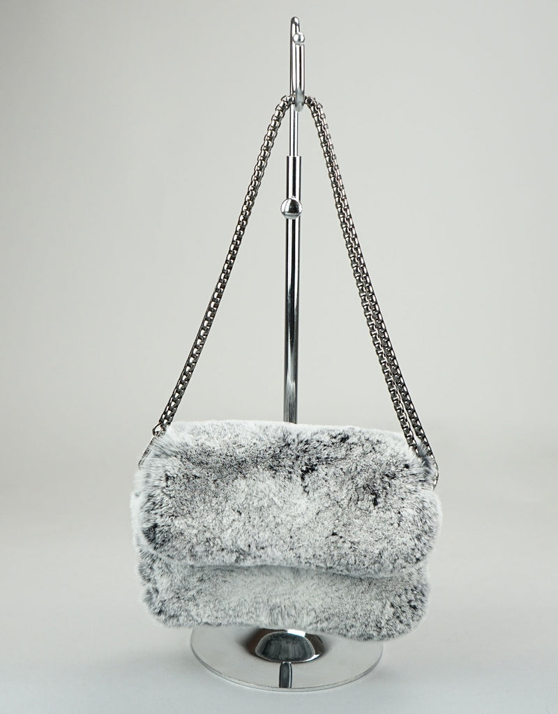Experience elegance with our genuine rex rabbit clutch, featuring a sculpted curved base and magnetic flap closure. It also includes a removable silver toned chain strap for versatile day-to-evening wear. Plus, keep your essentials secure with an internal zip pocket.
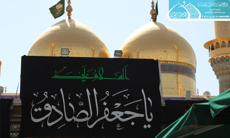 اتَّشحت العتبة الكاظمية المقدسة بمظاهر الحزن والأسى إيذاناً لاستقبال الذكرى الأليمة لاستشهاد المؤتمن على الشرع المُبين والمدافع عن عقيدة سيد المرسلين "صلّى الله عليه وآله" الإمام جعفر بن محمد الصادق"عليه السلام"، حيث تم نشر السواد والكلمات النورانية على الضريح الشريف للإمامين الجوادين "عليهما السلام" وأعمدة الطارمات والأواوين للحرم المطهر.
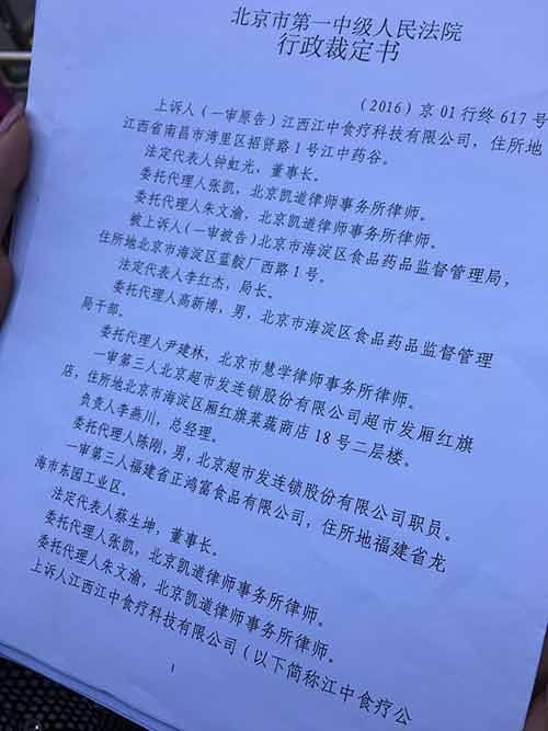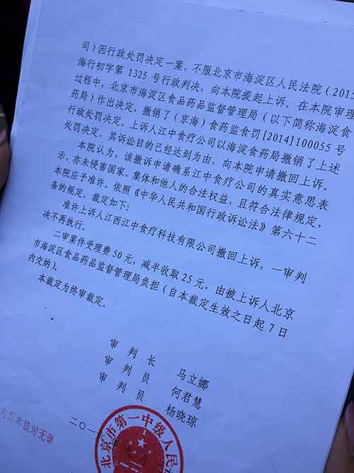 北京市第一中級(jí)人民法院的行政裁定書內(nèi)容顯示,海淀區(qū)食藥監(jiān)局已撤銷對(duì)江中此前的行政處罰決定。 澎湃新聞?dòng)浾?王文秋 圖
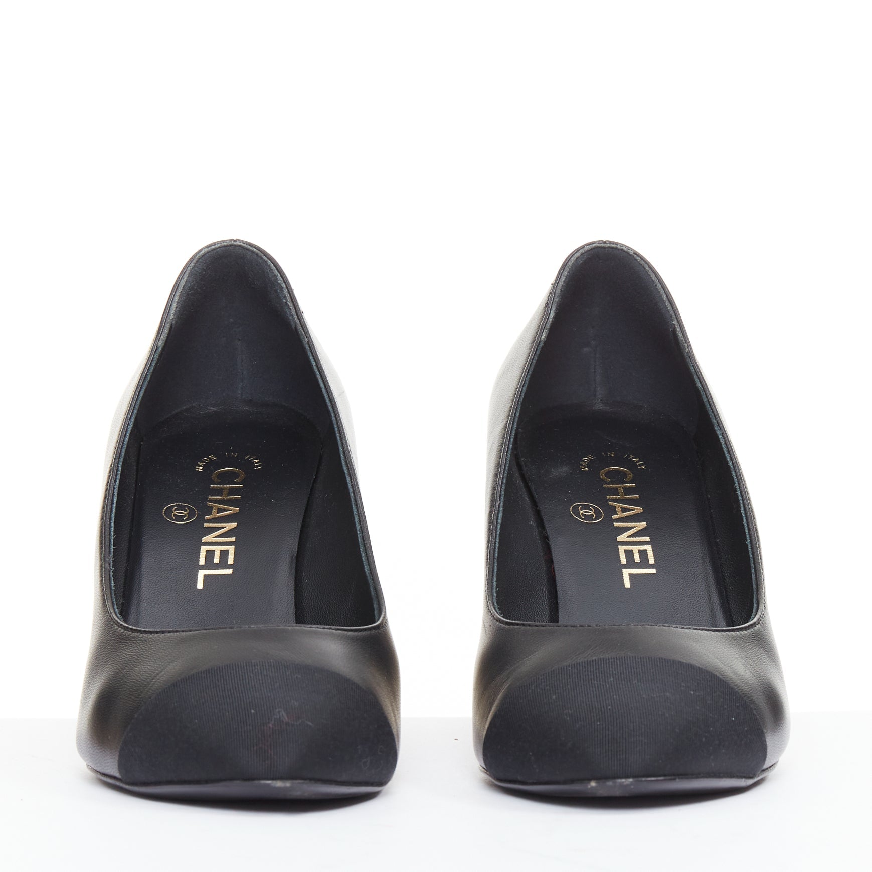 CHANEL 2018 Egypt Hieroglyphic black leather grosgrain toe cap pumps EU36.5
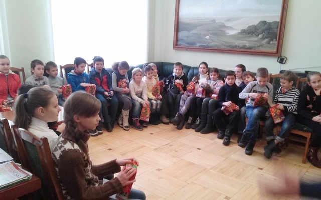 23 грудня 2016 року у Романо-германській гімназії №123 більше ста дітей пільгових категорій та дітей, батьки яких загинули в зоні АТО або є військовослужбовцями, одержали солодкі вітання – подарунки.
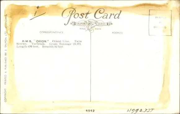 Künstler Ak Church, Bernard W., Dampfer RMS Orion, Orient Line

- What you should do -
Restate the entries above word for word, and keep the pictures out.

- Result of the exercise -
Experience elegance with our genuine rex rabbit clutch, featuring a sculpted curved base and magnetic flap closure. It also includes a removable silver toned chain strap for versatile day-to-evening wear. Plus, keep your essentials secure with an internal zip pocket.
 اتَّشحت العتبة الكاظمية المقدسة بمظاهر الحزن والأسى إيذاناً لاستقبال الذكرى الأليمة لاستشهاد المؤتمن على الشرع المُبين والمدافع عن عقيدة سيد المرسلين "صلّى الله عليه وآله" الإمام جعفر بن محمد الصادق"عليه السلام"، حيث تم نشر السواد والكلمات النورانية على الضريح الشريف للإمامين الجوادين "عليهما السلام" وأعمدة الطارمات والأواوين للحرم المطهر.
 北京市第一中級(jí)人民法院的行政裁定書內(nèi)容顯示,海淀區(qū)食藥監(jiān)局已撤銷對(duì)江中此前的行政處罰決定。 澎湃新聞?dòng)浾?王文秋 圖
 CHANEL 2018 Egypt Hieroglyphic black leather grosgrain toe cap pumps EU36.5
 23 грудня 2016 року у Романо-германській гімназії №123 більше ста дітей пільгових категорій та дітей, батьки яких загинули в зоні АТО або є військовослужбовцями, одержали солодкі вітання – подарунки.
 Künstler Ak Church, Bernard W., Dampfer RMS Orion, Orient Line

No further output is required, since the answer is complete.